On the battlefield of Kurukshetra, Arjuna is frozen, and Krishna has been leading him through the deepest levels of reality. After explaining the perishable, the imperishable, and the supreme being beyond both, Krishna now names himself as that highest reality.

Why this verse still matters

You finally reach the thing you thought would settle everything — the title, the relationship, the achievement — and it still feels incomplete.
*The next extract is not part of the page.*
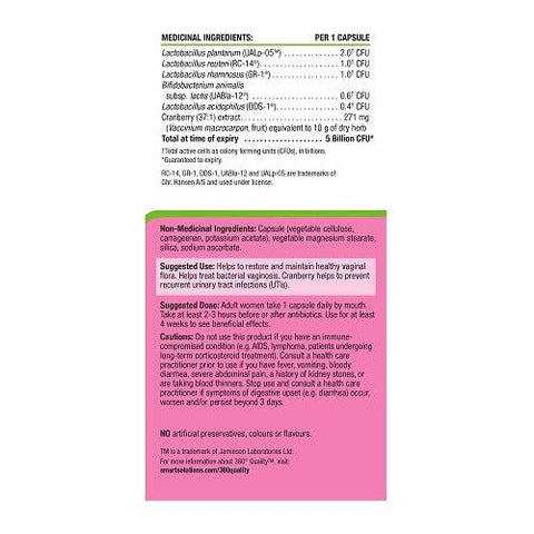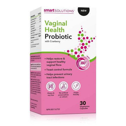 Smart Solutions Vaginal Health Probiotic is a one per day probiotic that provides yeast control, helps support & maintain healthy vaginal flora and contains cranberry to help prevent UTIs. 1 Capsule daily formula to help restore and maintain healthy vaginal flora and help treat bacterial vaginosis. The inclusion of cranberry helps to prevent recurrent urinary tract infections (UTIs) and has been used in traditional herbal medicine to treat and prevent UTIs.

Krishna points beyond every stopping place.

The takeaway

Reality is larger than both what fades and what seems permanent.

Word-by-word translation

यस्मात् (because) / क्षरम् (the perishable) / अतीतः (beyond) / अहम् (I) / अक्षरात् (than the imperishable) / अपि (also) / च (and) / उत्तमः (higher) / अतः (therefore) / अस्मि (I am) / लोके (in the world) / वेदे (in the Veda) / च (and) / प्रथितः (well known) / पुरुषोत्तमः (Purushottama)

Explore related themes: purushottama (14 verses), akshara (12 verses)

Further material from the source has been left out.